◆ WHAT YOU ARE ASKED TO DO
Up to and including the line bearing "โดยอาศัยอำนาจตามหลักเกณฑ์ วิธีการ และเงื่อนไขการจ่ายเงิน", output every line of the entries exactly as written, starting from the first; pictures stay out.

◆ SUPPLIED DATA
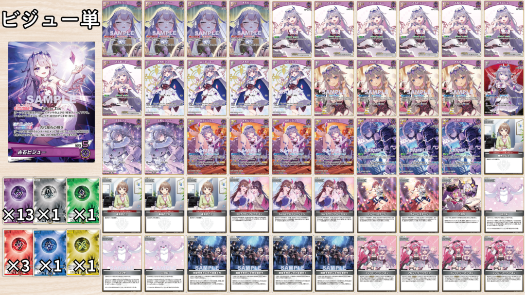 | ・ルイを採用して少し後ろ寄りにした構築 ・1stルイのブルーム時に手札の入れ替えが可能 ・2ndルイでアーカイブから好きなholoX2枚回収が優秀 |
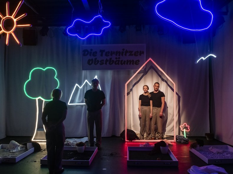 Die junge Dramatikerin Teresa Dopler verwebt in ihrem Stück unterschiedliche Stimmen und Perspektiven zu einem vielschichtigen Bild, in dem die Weite der Welt und die Enge einer ländlichen Idylle aufeinanderprallen.
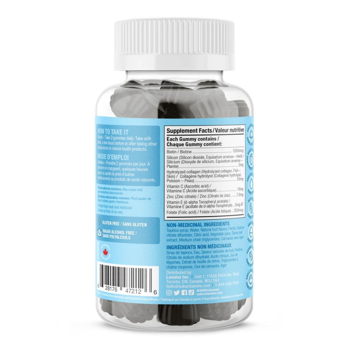 SUKU Vitamins Sugar-Free Gummies Luscious Hair with Biotin, Collagen, Silicon & Folate, 60 Gummies
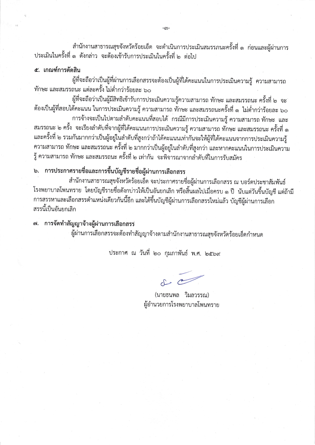 มาปฏิบัติงานที่โรงพยาบาลโพนทราย จังหวัดร้อยเอ็ด โดยอาศัยอำนาจตามหลักเกณฑ์ วิธีการ และเงื่อนไขการจ่ายเงิน
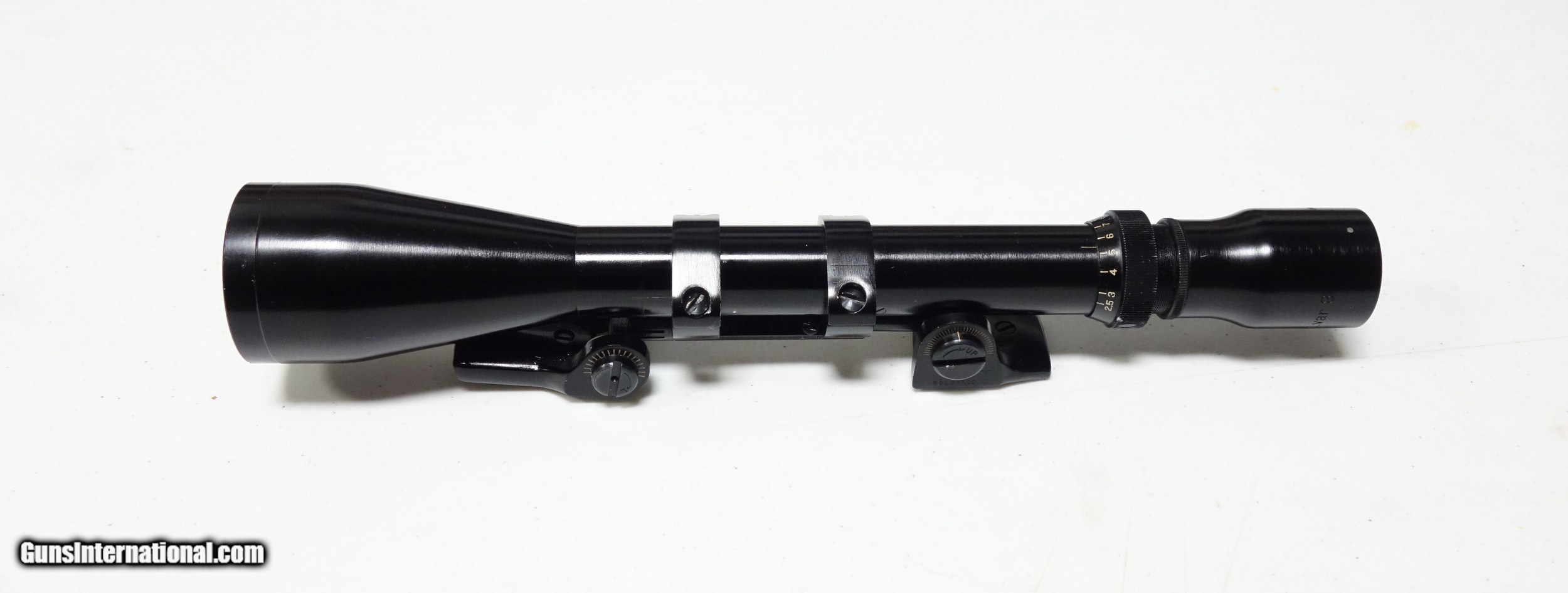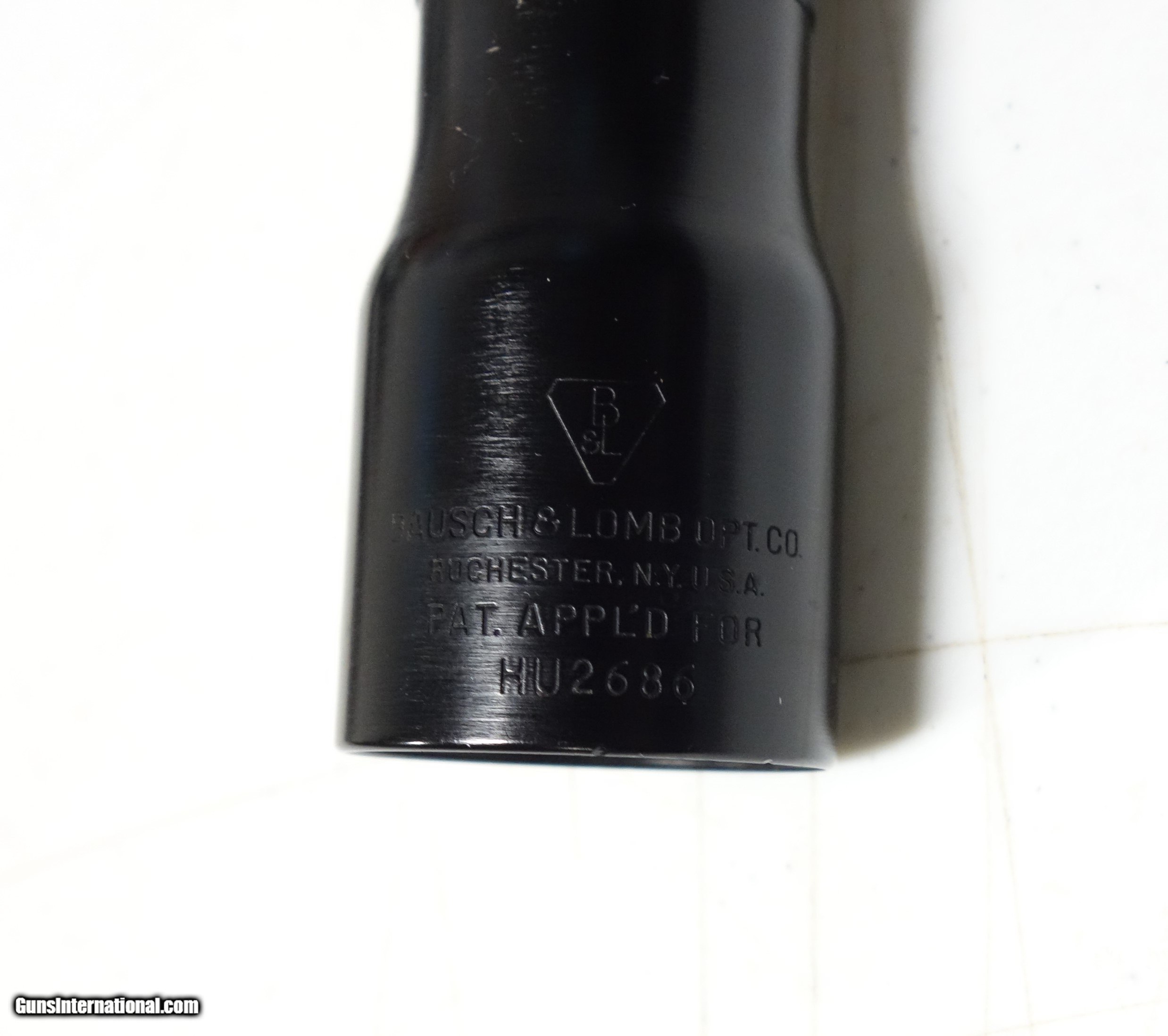 Description: Excellent Bausch & Lomb Balvar 8 scope with B&L plunger mounts that will fit a standard post war Pre 64 Winchester Model 70 receiver. Fine tapered reticle. Optics are bright with no internal debris. Power ring moves freely and functions properly. These Rochester N.Y. made B&L products were among the best in the world and on a par with the top European makers of their time. S/N is HU2686 believed to be made in 1959. These scopes have no turrets for windage or elevation, all adjustments are made on the mounts themselves, so you could theoretically have an unlimited number of rifles with mounts and only one scope which positively plunges in and out of the mounts with no loss of zero despite caliber or configuration. There are a few light abrasions and the ring screws are slightly tool marked, but overall a very nice package. SOLD |

◆ WRITTEN ANSWER
 | ・ルイを採用して少し後ろ寄りにした構築 ・1stルイのブルーム時に手札の入れ替えが可能 ・2ndルイでアーカイブから好きなholoX2枚回収が優秀 |
 Die junge Dramatikerin Teresa Dopler verwebt in ihrem Stück unterschiedliche Stimmen und Perspektiven zu einem vielschichtigen Bild, in dem die Weite der Welt und die Enge einer ländlichen Idylle aufeinanderprallen.
 SUKU Vitamins Sugar-Free Gummies Luscious Hair with Biotin, Collagen, Silicon & Folate, 60 Gummies
 มาปฏิบัติงานที่โรงพยาบาลโพนทราย จังหวัดร้อยเอ็ด โดยอาศัยอำนาจตามหลักเกณฑ์ วิธีการ และเงื่อนไขการจ่ายเงิน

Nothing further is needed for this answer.